Kaminski headed north that weekend to visit his girlfriend at Penn State, but he spent most of the next two days in the library, poring over and printing out research papers that he brought back to College Park, Maryland, and that eventually helped the pair identify creeping bentgrass and hybrid Bermudagrass dead spot — a disease that affects new construction putting greens on sand-based root zones and leaves behind large black fungal structures. Kaminski published his dissertation on the disease with Dernoeden seven years later.
“That disease made me more than I made that disease, for sure,” says Kaminski, now the director of the Golf Course Turfgrass Management Program and professor of turfgrass science at Penn State University. “I didn’t even know what I was looking at. Dernoeden knew it was something special because he had had 30 years of experience.”
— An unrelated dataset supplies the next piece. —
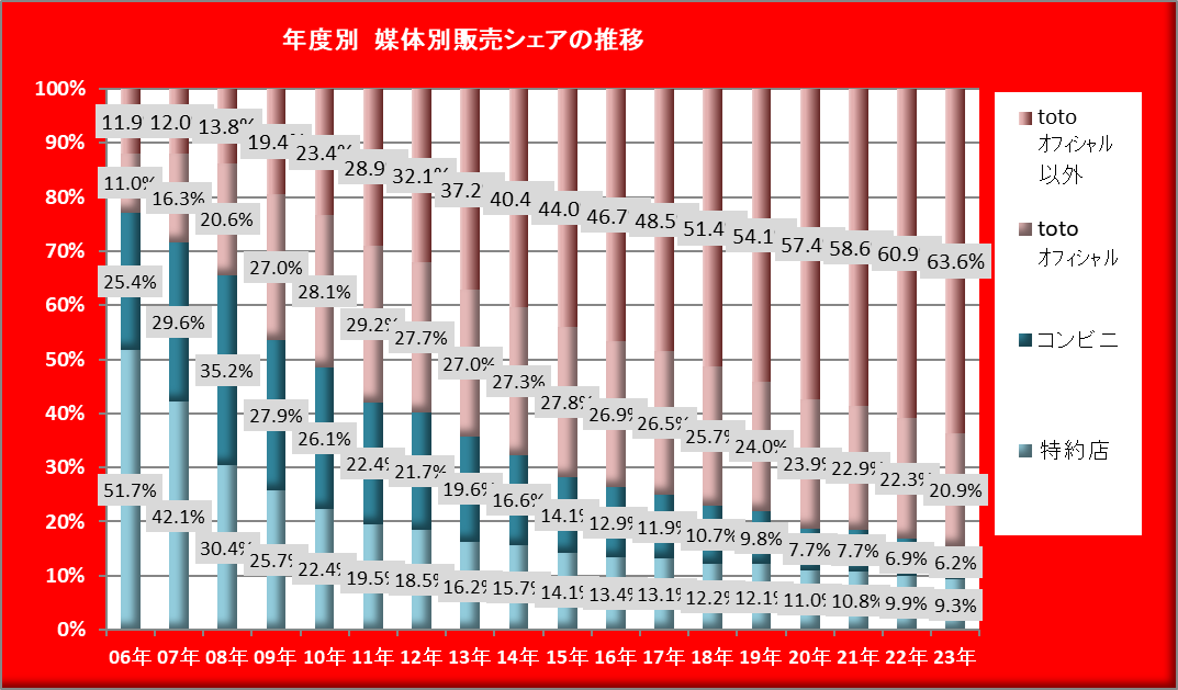 開催毎の総販売口数は公表されているが、開催毎の媒体別の販売口数は公表されていないので
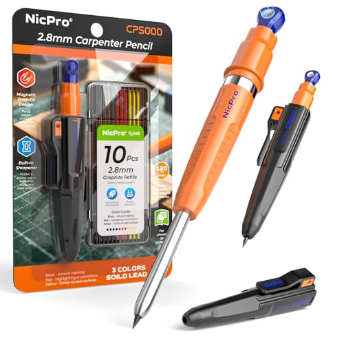 Nicpro 7-in-1 磁気大工鉛筆は、シャープナー、深穴マーカー付きで、建設・木工に最適。マグネット機能で便利なマーキングが可能。

Today, Kaminski looks at the diagnostics lab as the perfect place for students to learn.
“I really encourage all of my students to do pathogen isolations on media and see what the cultures look like and compare them to all the other diseases that are out there,” he says. “You can’t just look at a sample and say, ‘I know what that is.’ It’s good to play with it. You put it under different temperatures, you isolate it, you put it in different types of media.
“One of the pleasures of running a diagnostics lab and having grad students is using it as a training ground. You’re going to find it first coming into diagnostic labs. It’s the perfect training ground for grad students.”
Fresh eyes for fresh hell.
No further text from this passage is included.